Chassé de la Cour en 1634, pour avoir conspiré contre son frère, Gaston d’Orléans demande dès l’année suivant au grand architecte François Mansart de reconstruire l’ensemble du château. La construction d’une nouvelle aile classique est édifiée en trois ans. Mais les entrepreneurs abandonnent brutalement le chantier en novembre 1638, inquiets des retards de paiement de celui qui n’est plus l’héritier du royaume depuis la naissance, le 5 septembre précédent, du futur Louis XIV.

A nouveau exilé à Blois en 1652, Gaston d’Orléans y réunit une collection majeure dont le principe, appris de sa mère Médicis, est à l’origine du foisonnement artistique du siècle de Louis XIV. Le duc meurt le 2 février 1660 dans son château resté inachevé, léguant à son neveu Louis XIV ses importantes collections d’histoire naturelle, d’antiques et de médailles, qui avaient été placées dans la galerie du jardin.. L’apanage d’Orléans, le comté de Bois et le château font définitivement retour à la Couronne. S’il ne bénéficie guère des séjours de Louis XIV en Val de Loire, le château de Blois reste cependant visité et admiré par de nombreux voyageurs, comme les architectes André Félibien, Claude Perrault, Jacques-François Blondel, ainsi que La Fontaine.

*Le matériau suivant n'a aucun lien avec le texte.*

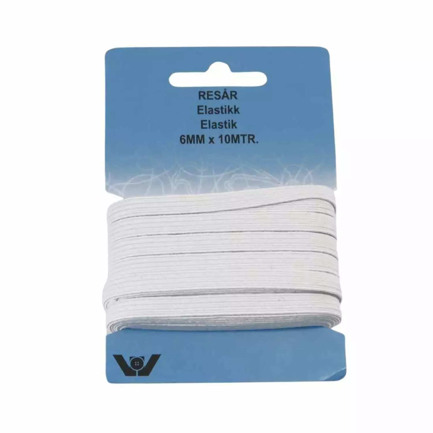 Pakke med hvit strikk. Ofte kjent som buksestrikk, men kan selvsagt brukes til andre ting.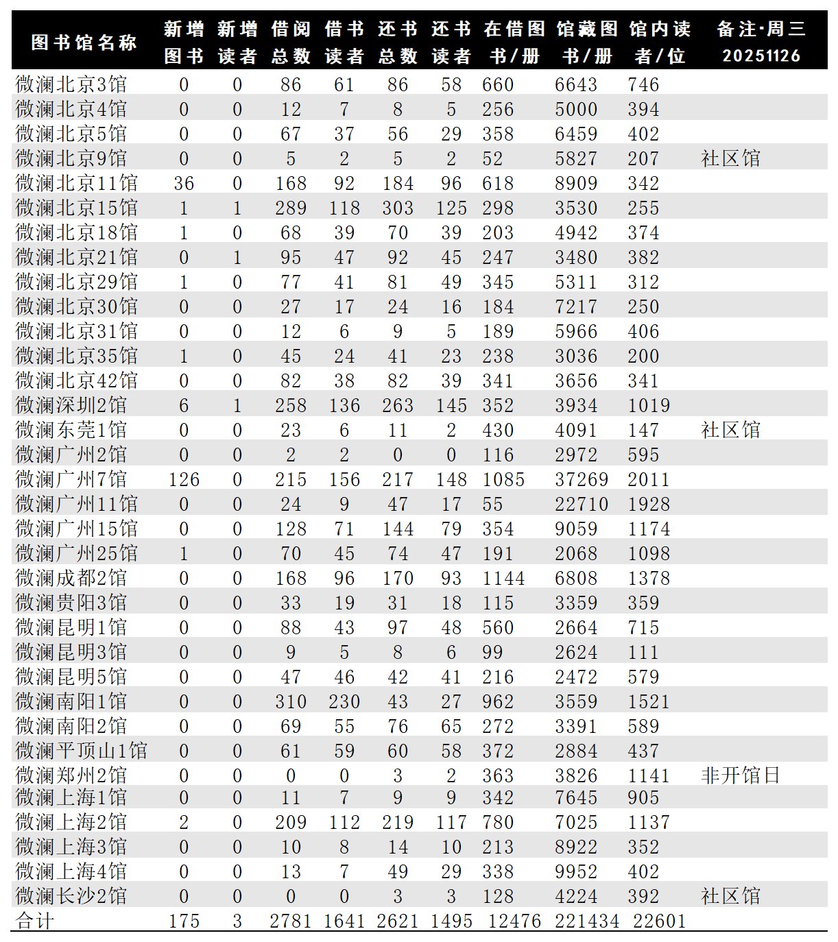 33家馆日常开放借阅,为1641位读者借阅图书2781册次,处理归还图2621册(1495人);8家馆购买/受捐/学校馆藏等录入上架图书175册,3家馆录入新读者3位。

Au cours du XVIIIe siècle, le monument accueille de nouveaux exilés. En 1714, Marie Casimire de La Grange d’Arquien, veuve de Jean III Sobieski, roi de Pologne de 1674 à 1696, est installée au château de Blois où elle meurt deux ans plus tard. En 1725, d’autres exilés polonais, le roi Stanislas Leszczynski et sa famille, séjournent quelques jours au château de Blois avant de se rendre à Chambord.

Désormais le château est loti en appartements affectés aux officiers de la Couronne et aux nobles désargentés de la province. En 1788, Louis XVI souhaite alléger le budget de la charge que représente l’entretien des anciens châteaux royaux où la cour ne séjourne plus : il aliène les châteaux de Blois, Vincennes, la Muette et Madrid (au Bois de Boulogne) par un édit autorisant les acheteurs à procéder à leur démolition. Faute d’acquéreur, le château de Blois accueille le casernement du régiment Royal-Comtois, qui devient en 1791 le 73e Régiment d’Infanterie de Ligne.